2 minute read
Een windgong
Spontane en mooie klanken door de wind die jouw instrument beweegt: klinkt dat niet goed?
Van bamboe, buizen, schepen of takken: het kan allemaal. De knapste windgongen of windorgels hebben holle buizen waarin de wind voor orgelgeluiden zorgt. In andere culturen hebben ze ook een spirituele betekenis: zoals het verjagen van boze geesten. Met behulp van dit stappenplan maak je een windgong voor in je tuin of op je balkon.
Advertisement


We gebruiken buizen van bamboe, die klinken natuurlijker dan metalen buizen en het zaagt gemakkelijker. Een bredere of langere buis geeft een lagere toon dan een smallere of kortere buis. Omdat bamboe natuurlijk niet op maat groeit, wordt het een beetje improviseren met de maten die je kunt krijgen, onze afmetingen zijn een richtlijn
Wat heb je nodig?
• Dun maar sterk touw.
• Een stel bamboestokken - eventueel van 2 verschillende diktes.
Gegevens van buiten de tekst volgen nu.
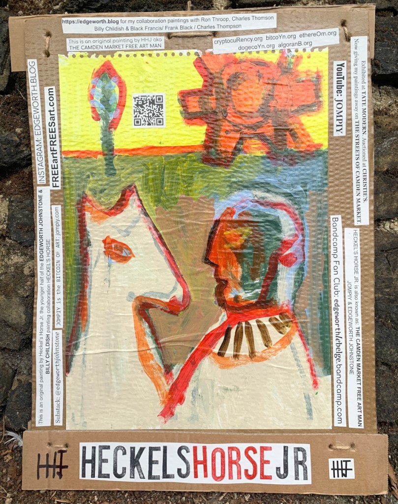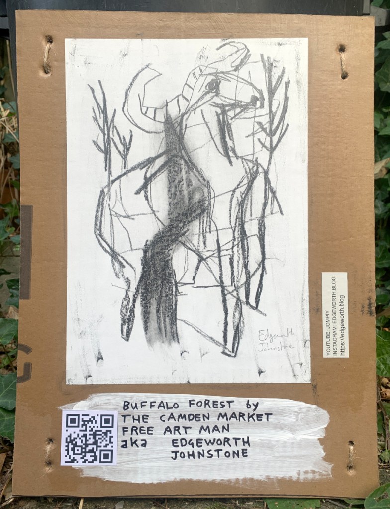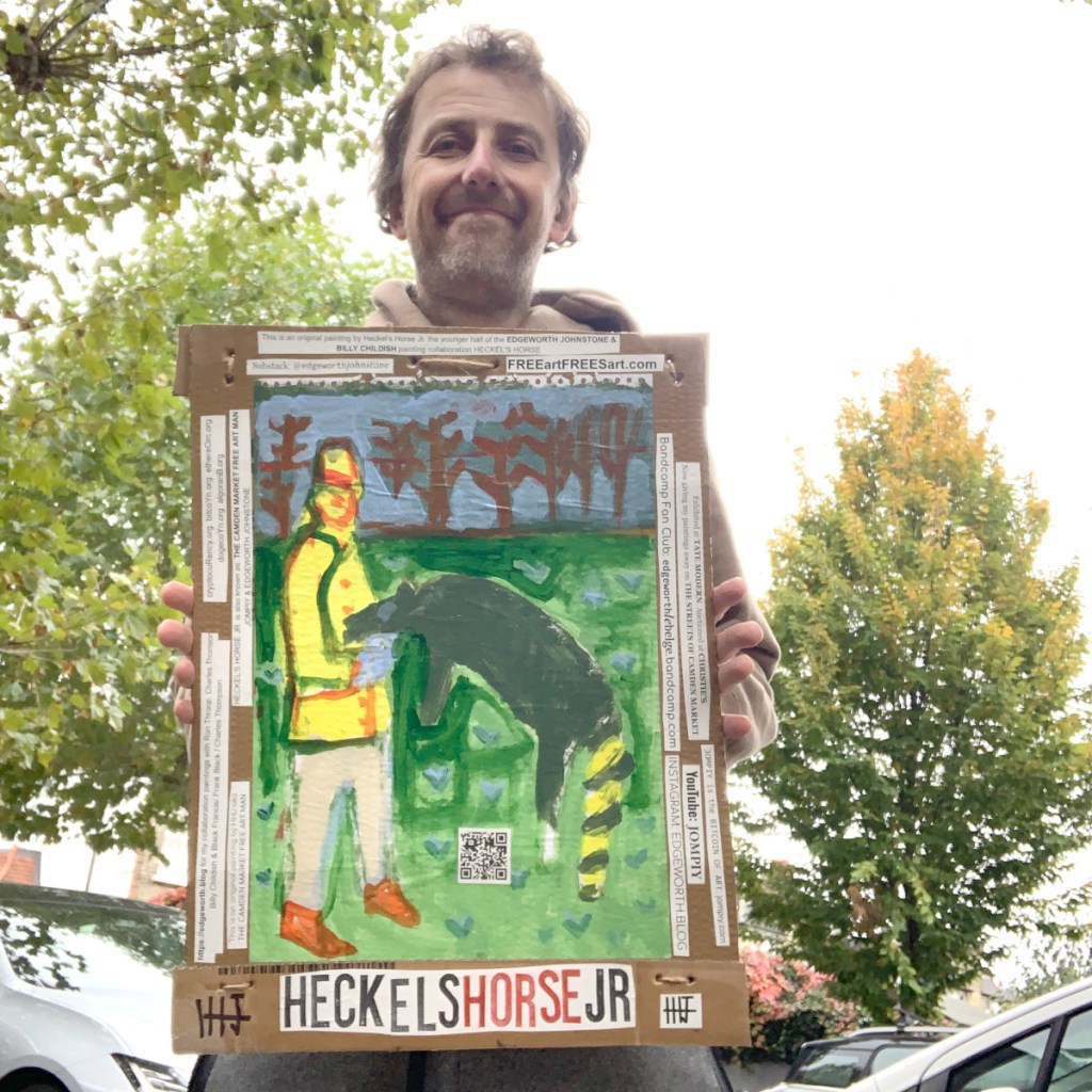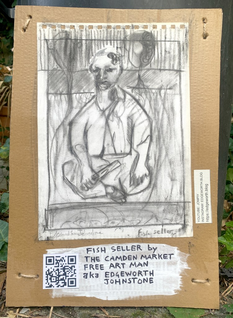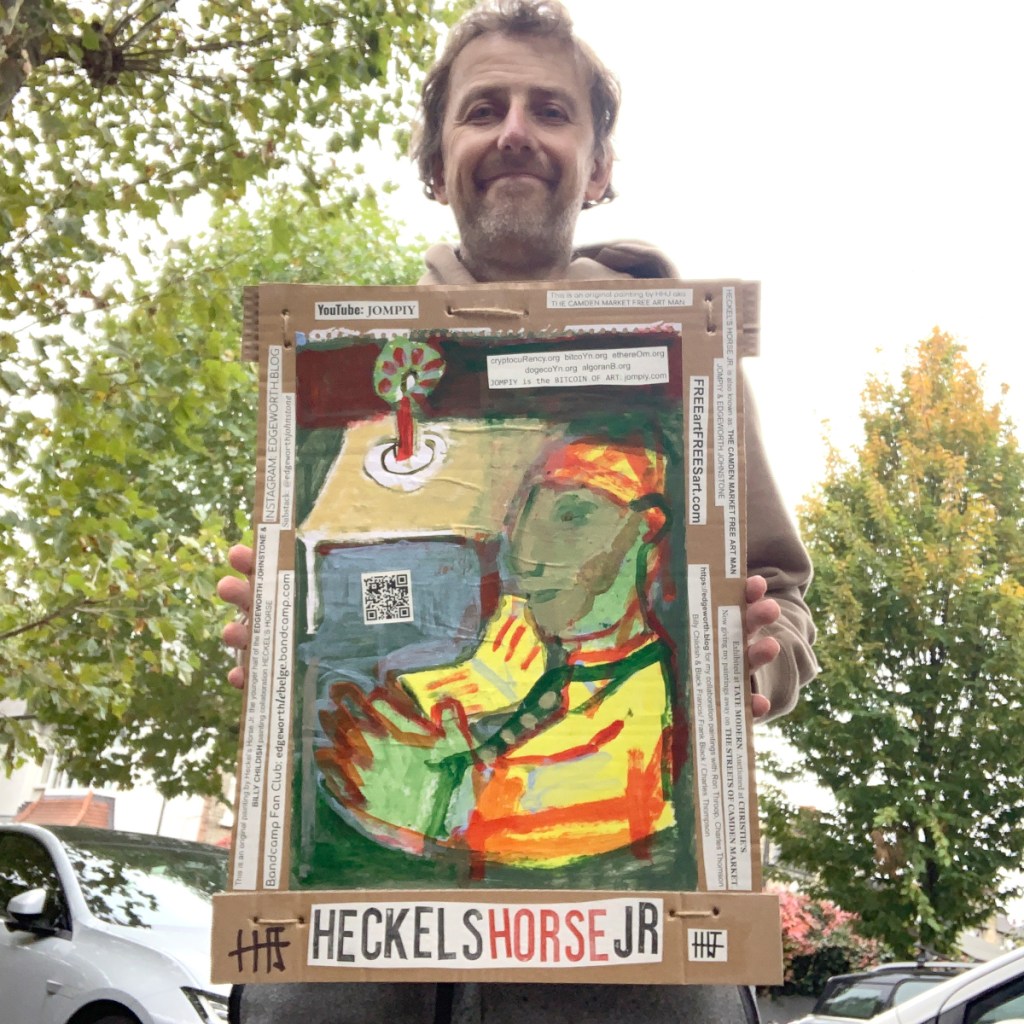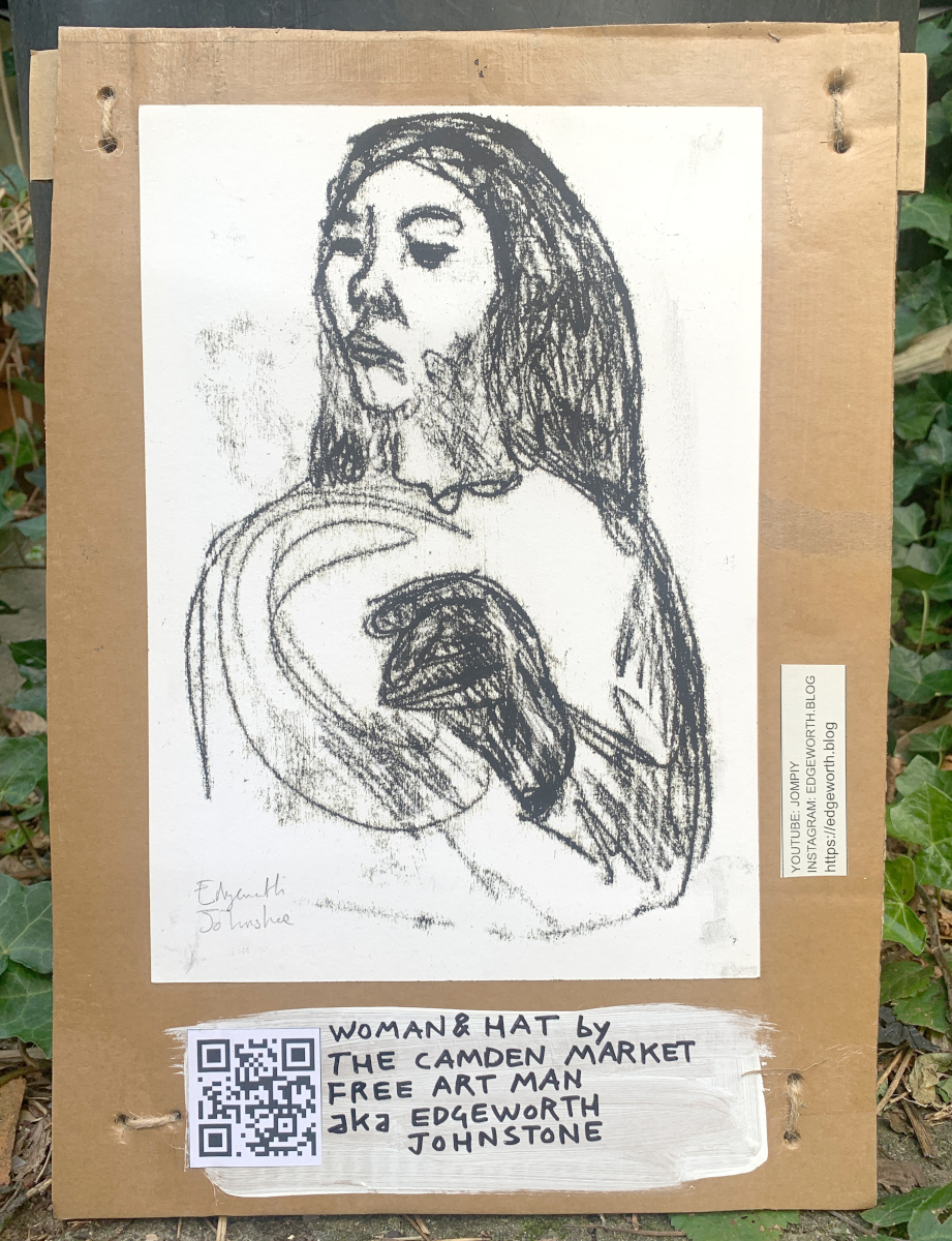 I make these 12 inch Nirvana LPs from second hand vinyl I buy in charity shops. Hand made monoprints on the album cover and face of the vinyl. They come in a clear crystal album sleeve, are signed and numbered and can be bought on my Etsy and Ebay shops. I also give them away at my Camden Market Free Art Man Political Protest Against Expensive Art. If you go to Camden and I’m not there, Moonlight Sculpture sell them on Maker’s Alley, near the Amy Winehouse statue and Cyberdog. See this Instagram post for a clearer picture of where that is:

• Een ronde klepel of klopper - dit is een plakje hout met een diameter van 5 cm of een plakje van een boomstammetje.
• Een groter rond plaatje hout - de bovencirkel waar alle buizen onder hangen.
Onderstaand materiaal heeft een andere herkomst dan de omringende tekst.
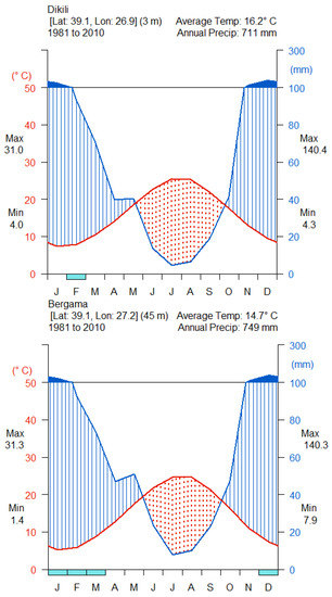 Located in the Aegean Region, the study area has a typical Mediterranean subhumid climate [77]. The area is characterized by dry and hot summers, and mild and wet winters (“Csa” climate according to the Köppen–Geiger classification [78]). Between 1981 and 2010, the annual temperature averaged 16.2 °C in Dikili and 14.7 °C in Bergama, and the annual precipitation averaged 711 mm in Dikili and 749 mm in Bergama (Figure 3). At both locations, most rain falls in December and January, reaching 140 mm per month; the dry period spans from May to October (Figure 3). The maximum precipitation recorded at the meteorological station in Dikili between 1939 and 1996 totaled 183 mm within 24 h [74].
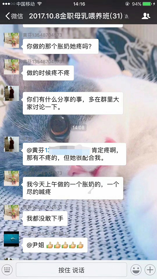 在學習上尹姐姐是非常認真的,經常問老師們關于手法的問題,并且尹姐姐能說會道,活潑開朗的性格不僅是受到了學員和老師的好評,更受到了客戶的好評,去醫院實習,產婦對尹姐姐非常滿意,還互相留了微信成了朋友。
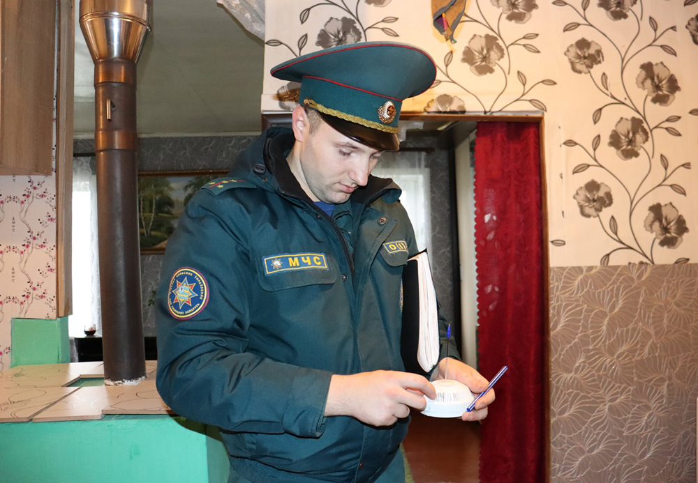 Агрогородок Языль. Многоквартирный жилой дом. Поднимаемся в квартиру, где проживает семья, находящаяся в социально опасном положении. Здесь «вопросы МЧС» закрыты: паровое отопление в рабочем состоянии, извещатели в каждой жилой комнате. В разговоре со взрослыми инспектор уточняет, знают ли хозяева, как позвонить спасателям. Напоминает офицер и об уголовной ответственности за оставление детей без присмотра, на что хозяева заверяют: «Кто-то всегда дома, одних малышей не бросаем».

• Een windvanger - bijvoorbeeld een half stukje bamboe buis van 3 bij 11 cm.

Hoe begin je?
Zaag eerst de 6 orgelbuizen. Bamboe heeft verschillende ‘knopen’. Zaag zo'n 2 cm boven een knoop af - dit wordt het bovengedeelte van de orgelbuis. Meet dan verschillende lengtes vanaf zo’n knoop. Van groot naar klein kunnen de buizen de volgende lengtes hebben: 32 cm, 29 cm, 28 cm, 26 cm, 25 cm, 22 cm.

Stap 2.
Het ondergedeelte van de orgelbuis gaan we bewerken om een mooiere klank te krijgen. Zaag de buis halverwege half door. Voorbeeld: de kortste buis van 22 cm krijgt een sneetje overdwars op 11 cm lengte. Zet dan de buis op een werktafel of hakblok en probeer met een mes, beitel of bijl de onderste helft weg te tikken. Dit is een moeilijk klusje: let op je vingers! Het uiteinde wordt zo een halve buis en lijkt een beetje op een lepel.
Waarom
EEN WINDGONG?
DE OUDST GEVONDEN WINDGONG WERD AL 2000 JAAR
GELEDEN GEBRUIKT. IN CHINA EN INDIA WORDEN ZE VAAK AAN DE UITEINDEN VAN TEMPELS
GEHANGEN OM MET HET GELUID
NIET ALLEEN VOGELS WEG TE JAGEN, MAAR OOK OM BESCHERMING TE BIEDEN EN VOORBIJGANGERS BLIJ TE MAKEN.
Stap 3.
Boor boven de knoop twee kleine gaatjes voor het touw waarmee de bamboebuis opgehangen wordt. Doe dit bij alle 6 buizen en telkens evenwijdig aan de ‘lepel’. In de klopper die tussen de buizen komt te hangen, boor je een gaatje in het midden van de cirkel, voor het middentouw. In de windvanger boor je een gaatje bovenin.
Stap 4.
Het grotere ronde plaatje hout, de bovencirkel, meet je als volgt af: leg de klopper op tafel en zet de 6 buizen er netjes verspreid verticaal omheen op ongeveer 1 cm afstand van de klopper. De bovenkant van de buizen, met de gaatjes, staat direct op de tafel en het lange gedeelte van de lepel staat richting de klopper, het holle deel dus naar buiten. Nu weet je hoe groot de bovencirkel moet zijn en ook waar je de gaatjes moet boren om de touwtjes van de buizen aan vast te knopen.
Stap 5.
Om de bovencirkel evenwichtig op te hangen, teken je een evenwijdige driehoek erop. Op de drie hoekpunten maak je een haakje of boor je een gaatje voor een iets dikker touw. Zo kan je de windgong (met hetzelfde systeem als een vlieger) vanuit 3 punten recht en evenwichtig ophangen.
Stap 6.
Boor in het midden van de bovencirkel een gaatje. Hang de klopper eronder met het middentouw, een flink stuk onder de helft van de buizen, maak een knoopje waar hij op leunt. Aan ditzelfde middentouw hang je ook de windvanger. Knoop die vast vlak onder de langste buis, dan beweegt hij het snelst bij weinig wind.